The day's musical universe then expanded dramatically. Bassist Marcus Miller's startling excursion through John Lennon's "Come Together," for example, captured the quirkiness of the original with driving, jazz-based rhythmic emphasis.

Cameroonian bassist Richard Bona combined traditional African melodic phrases with his sweet-toned vocals and crisp instrumental lines. His band — a virtual U.N. ensemble — played with an improvisational diversity testifying to the many creative currents flowing into jazz from various parts of the world.

Trumpeter Terence Blanchard's solid quintet — featuring the inventive saxophone work of Brice Winston — stretched into other adventurous areas. Successfully testing an afternoon crowd's receptivity to music that reached beyond theme and variations, Blanchard performed segments from his "Requiem for Katrina," based on themes inspired by, and from, his score for Spike Lee's film "When the Levees Broke."
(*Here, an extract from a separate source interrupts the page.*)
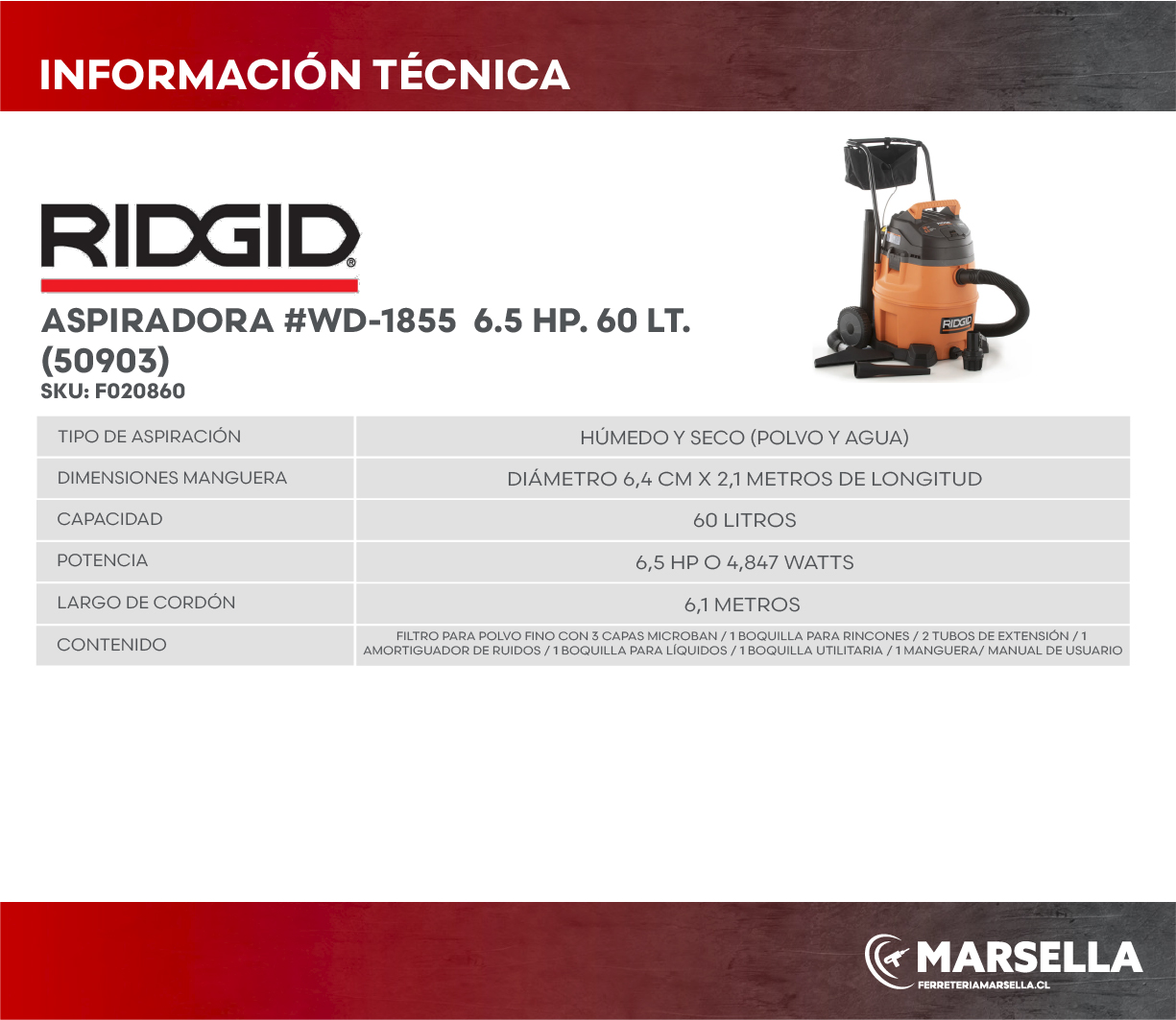 La Aspiradora RIDGID WD-1855 es una potente aspiradora industrial equipada con un motor de 6.5 HP y un tanque de gran capacidad de 60 litros, ideal para aspirar polvo, lquidos y residuos en ambientes profesionales y exigentes. Su diseo robusto y eficiente permite un rendimiento superior en talleres, construccin y mantenimiento industrial, facilitando la limpieza profunda y continua.

The festival's two remaining highlights reached from the Afro Cuban swing of Arturo Sandoval's Mambo Mania Big Band to Etta James and her Roots Band. Despite their differences, both impressed with their combination of musical authenticity and subtle connections to jazz. Sandoval's virtuosity — on trumpet, piano and timbales — was applied to a revival of mambo rhythms that brought the crowd into the aisles. James, looking svelte, sang with the passion — as well as the sardonic wit — that has characterized her work for half a century. Her performance was a vivid reminder of the essential, ever-continuing connection between jazz and the blues.

The day was further enhanced by the smooth jazz of Norman Brown's Summer Storm and the amiable vocalizing of singer Dianne Reeves.